Let's walk through an almost trivial example of how queries are evaluated and result sequences created in XsRQL. Here's a very simple query:
"I like this language.", " So do I!", "+", 1
The parse tree for this query looks something like the following:
commaOp / \ "I like this language." commaOp / \ " So do I!" commaOp / \ "+" 1
The comma operator concatenates its lefthand operand with its righthand operand. As each item is encountered as the query processor walks the query tree, the comma operator at each stage first evaluates its lefthand side. The result of evaluating a string expression (they're all strings in this example, except for the single integer "1" at the end of the sequence) is to create a singleton sequence containing the item. The operator then combines that singleton sequence with the result of evaluating its righthand side, which causes it to recursively call the next comma operator down the line.
At the end of this sequence of recursive evaluations, the following five-item heterogeneous sequence emerges from the top of the query:
"I like this language"-[str] " So do I!"-[str] "+"-[str] 1-[int] "!"-[str]

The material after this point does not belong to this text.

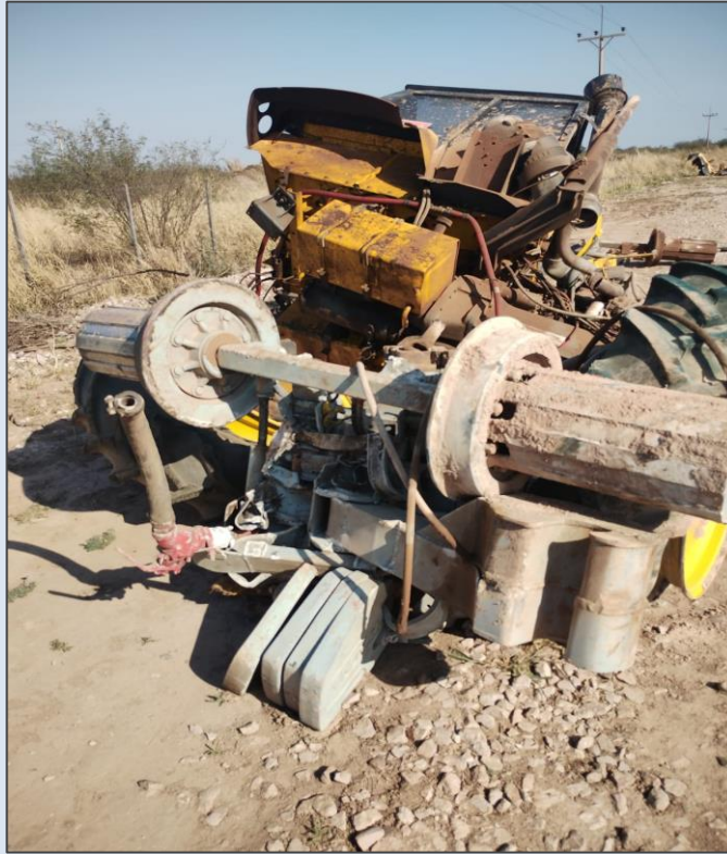
Figura 1. Restos de la maquinaria de vía afectada por el choque.

Once query evaluation is complete, the results are serialized: String items are printed to the result stream as they're encountered in the result sequence, and the lexical string representation of the single integer value is likewise printed. The final result of this is:
I like this language. So do I! +1
It looks like a single string, but from the query processor's perspective, it's a sequence of four consecutive items in a heterogeneous result sequence. Result sequence is a more accurate term than result set, since order is often important and duplication is allowed.
let $libbysMailboxes := @foaf:mbox[ "mailto:libby.miller@bristol.ac.uk" ]/* return if ( count( $libbysMailboxes ) = 0 ) then "Libby doesn't have a mailbox" else if ( count( $libbysMailboxes ) > 1 ) or ( count( *[ $libbysMailBoxes ] ) > 1 ) then "Libby's mailbox isn't inverse functional!" else "Libby has a single @foaf:mbox as expected: ", $libbysMailBoxes
XsRQL adopts a navigational style of maneuvering through an RDF graph that is very similar to the way XPath navigates through XML, with a few interesting differences. The main difference is that RDF is not XML, and the entities you specify in an XsRQL path are RDF entities, not XML ones. XsrPath (so-called) knows about such RDF concepts as subjects, predicates, and objects, as well as various node types: uri-addressable resources, bnodes, and literals, as well as triples and quads. It allows both an instances-, triples-based view of the datastore, as well as a graph-based view, depending on the user's needs and preferences.
Paths can be of any length, from a single node or predicate on up. A "striped" style of alternating nodes and "@"-prefixed predicates makes it easy to orient yourself visually as you move down the path.
What might most surprise those familiar with XPath is that the "attributes" in XsrPath are not terminal leaves. In XQuery/XPath, attributes are leaves; they terminate a path. In XsRQL, they simply mark property arcs that are way stations on the way to somewhere else.
Non-XPath 2.0 users are sometimes surprised to see such strange things in the path as function calls and constructed elements, such as in:
doc( "bib.xml" )/bib/books-with-editors( book )/editor
This XPath says "Call the user-defined function, books-with-editors(), passing in all <book> children of the <bib> root in the document "bib.xml", and return the <editor> children of those books that have <editor> children. Once that function returns its <book>-sequence result, dereference that and return the <editor>s themselves."
(Wonderful example tho this might be, it's a no-op: the same path without the inserted function would work just as well. This is called pedagogy.)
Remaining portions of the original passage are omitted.